Several limitations need to be considered when interpreting the presented data. First of all, the study was conducted in a retrospective manner; therefore, there was no randomization of study participants to either treatment group, and baseline parameters were not exactly balanced, which limits generalizability of the study results. Furthermore, even though we report on the largest cohort of patients with prior mechanical recanalization before decompressive hemicraniectomy for ischemic stroke due to large vessel occlusion, patient numbers are still limited because of the monocentric nature of the study. This is especially true for the data on functional outcome at the second follow-up (as data on functional status were only available for 40% of the patients initially enrolled in the study) and the relatively small number of observed outcomes (surgical complications and revision surgery) in the binomial regression analysis.
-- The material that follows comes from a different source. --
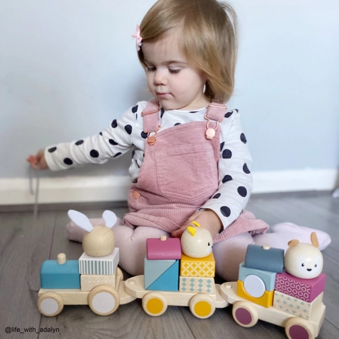 Všetci na palubu! Tento roztomilý drevený ťahací vláčik zo 100% FSC dreva prináša zábavu aj učenie v jednom. Ponúka troch zvieracích pasažierov, rušeň a dva vagóniky a vďaka farebným kockám poslúži ako nasadzovačka aj puzzle na rozvoj jemnej motoriky a počítania. Hladké prevedenie, netoxické farby a odolné materiály zaručujú bezpečné hranie na dlhé roky.
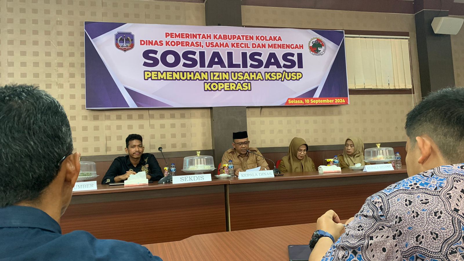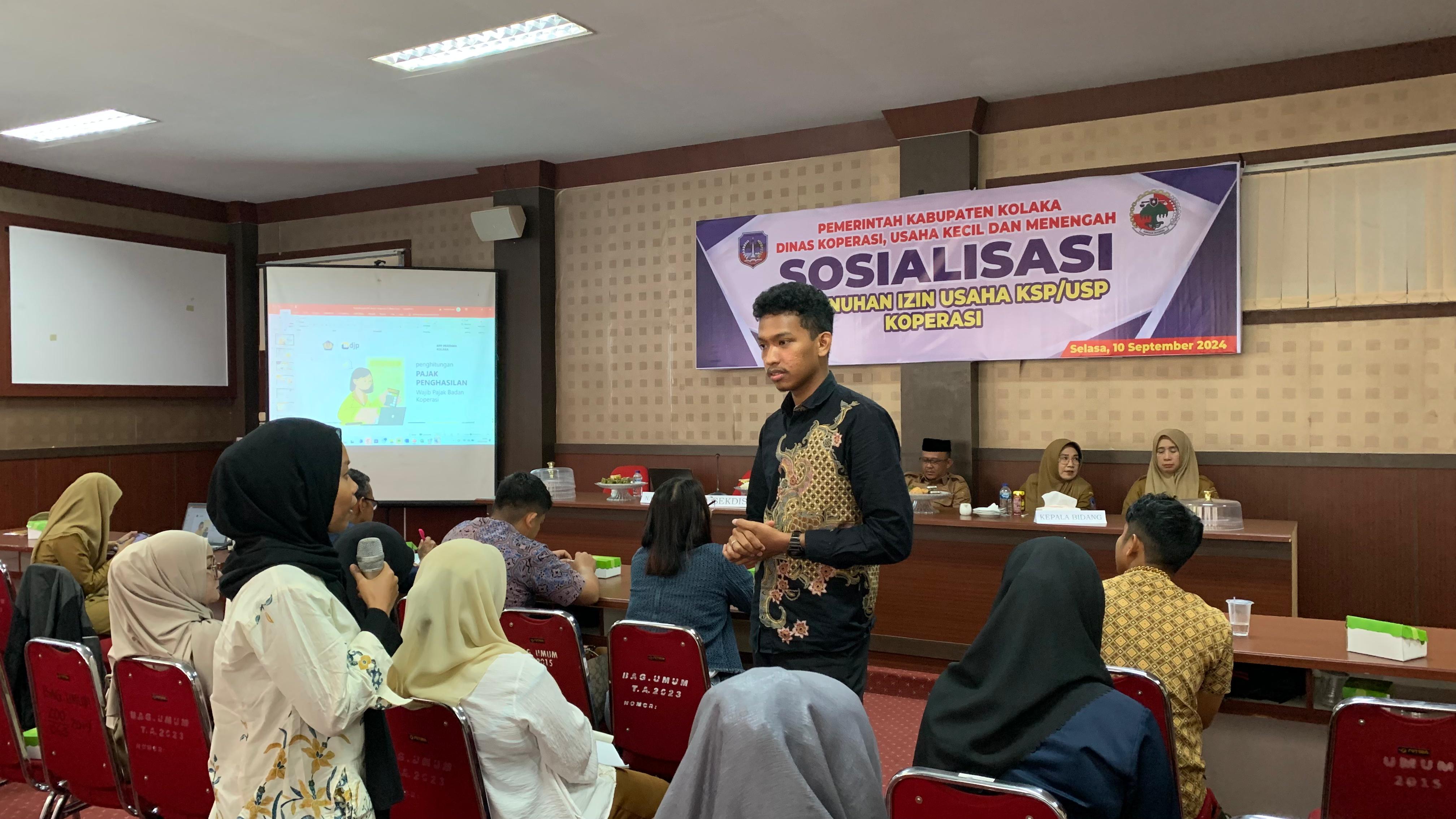 Kantor Pelayanan Pajak (KPP) Pratama Kolaka melakukan penyuluhan mengenai kewajiban perpajakan Koperasi Simpan Pinjam (KSP) dan Usaha Simpan Pinjam (USP) dalam sosialisasi Pemenuhan Izin Usaha KSP/USP Koperasi yang digelar Dinas Koperasi dan Usaha Mikro, Kecil dan Menengah (UMKM) (Selasa, 10/9). Acara yang diselenggarakan di aula kantor Dinas Koperasi dan UMKM ini dihadiri oleh 22 peserta yang terdiri dari pengurus koperasi dan pelaku usaha, serta dihadiri pula oleh Kepala Dinas Koperasi dan UMKM, Sekretaris Dinas, dan Kepala Bidang Kelembagaan dan Pengawasan.

Therefore, cautious interpretation of these data is indicated, and pooling of retrospective data from different centers, as well as prospective multicenter approaches, such as the initiation of a prospective multicenter registry, is desirable to provide more detailed insight into the topic in the future.

Conclusions

Systemic antifibrinolytic treatment and mechanical revascularization procedures prior to decompressive hemicraniectomy for malignant courses of ischemic stroke due to large vessel occlusion of the anterior circulation do not affect surgical complication rates or functional outcome. Conclusions drawn from the pivotal trials of decompressive hemicraniectomy as treatment for malignant ischemic stroke are still valid in times of modern acute stroke, as the introduction of mechanical recanalization techniques has not significantly altered the characteristics of patients requiring decompressive hemicraniectomy for intractably increased intracranial pressure. In the future, multicenter approaches should be pursued to improve data quality and gain more detailed insight into the topic.

Supplementary Information

Below is the link to the electronic supplementary material.

Author Contributions

Conceptualization: JW; methodology: JW, J-ON, and OTA; software: JW, OTA, and J-ON; validation: AU and SS; formal analysis: PR, SS, DFV, MM, J-ON, and AU; investigation: JW, OTA, SS, and DFV; resources: PR, MM, and AU; data curation: JW and OTA; writing (original draft preparation): JW; writing (review and editing): OTA, SS, PR, DFV, MM, AU, and J-ON; visualization: JW, OTA, and J-ON; supervision: J-ON and AU; project administration: JW. All authors read and approved the manuscript.

Source of support

Open Access funding enabled and organized by Projekt DEAL. No external funding was received.

Data Availability

The data sets used and/or analyzed in the current study are available from the corresponding author upon reasonable request.

Conflicts of interest

DFV reports consultancy for Medtronic and paid lectures for Cerenovus and a research grant from MicroVention (unrelated to this work). MM has received consulting honoraria, speaker honoraria, and travel support unrelated to this work from Codman, Covidien/Medtronic, MicroVention, Phenox, and Stryker. All other authors certify that they have no affiliations with or involvement in any organization or entity with any financial interest (such as honoraria; educational grants; participation in speakers’ bureaus; membership, employment, consultancies, stock ownership, or other equity interest; and expert testimony or patent-licensing arrangements), or nonfinancial interest (such as personal or professional relationships, affiliations, knowledge, or beliefs) in the subject matter or materials discussed in this article.

Ethical approval/informed consent

The study was conducted in accordance with the ethical standards of the institutional and/or national research committee and with the 1964 Declaration of Helsinki and its later amendments or comparable ethical standards. The study protocol was approved by the local standing committee on ethical practice of the University of Heidelberg (approval number S-667/2021).